Re: Hammer 0.94.10

[Date Prev][Date Next][Thread Prev][Thread Next][Date Index][Thread Index]

 



On 07/09/2018 20:41, Gregory Farnum wrote:
I'm not seeing much in the tracker for scan_range. There's
http://tracker.ceph.com/issues/13853 which got closed as Can't
Reproduce, and that references http://tracker.ceph.com/issues/10150
which introduced the exemption for r==-ENOENT.

Honestly when I see errors on a read my first guess is usually that
the disk state is corrupted somehow.
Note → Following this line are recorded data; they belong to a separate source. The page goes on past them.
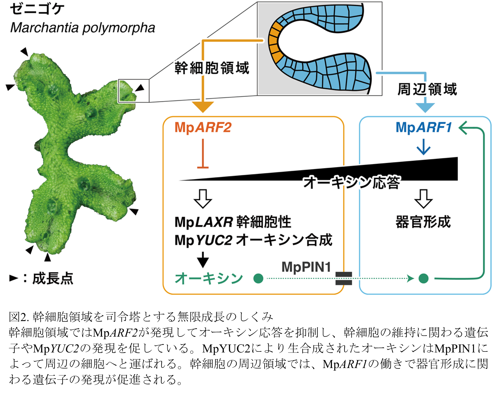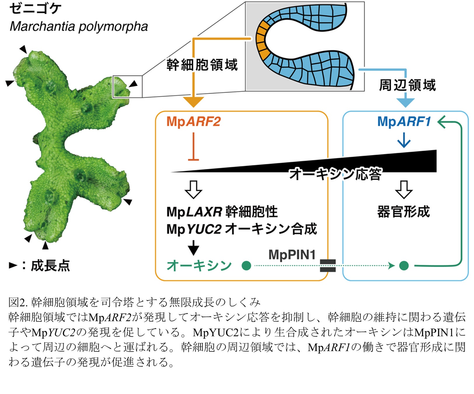 幹細胞領域は、オーキシンを介して周辺領域の分化を指示しつつ、自身はその影響を受けないという、成長点の司令塔(オーガナイザー)として機能しており、MpARF2はその中核的な因子である。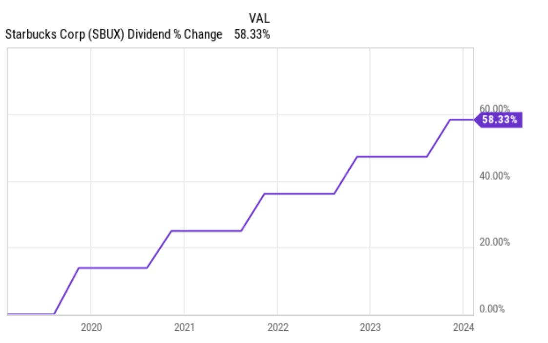 从股价增值和股息两方面考虑,2010年最初投资1万美元在星巴克,中间将股息不断再投资,则现在值10.5万美元,相当于复合年增长率为18.4%。单从股息收入考虑,从仅157美元增加到2,352美元。那么星巴克未来还能提供如此可观的回报吗?
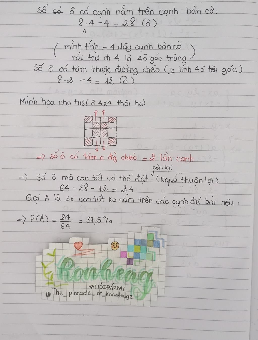 Trên bàn cờ vua kích thước 8 × 8 gồm 64 ô vuông con kích thước 1 x 1. Đặt ngẫu nhiên một quân Tốt vào một ô vuông con kích thước 1 x 1 trên bàn cờ. Tính xác suất để ô vuông con kích thước 1 x 1 mà con Tốt được đặt không có tâm nằm trên đường chéo của bàn cờ và cũng không có cạnh nào nằm trên cạnh của bàn cờ (hình vuông kích thước 8 x 8).

Have you tried examined the
object it's crashing on through the filesystem and using the
objectstore tool?

Since it is returning on every restart, it is very likely that it is something line that. But to be honest, it is my first time repairing something like that. Usually I just rebuild my test cluster. :), but this is customer data.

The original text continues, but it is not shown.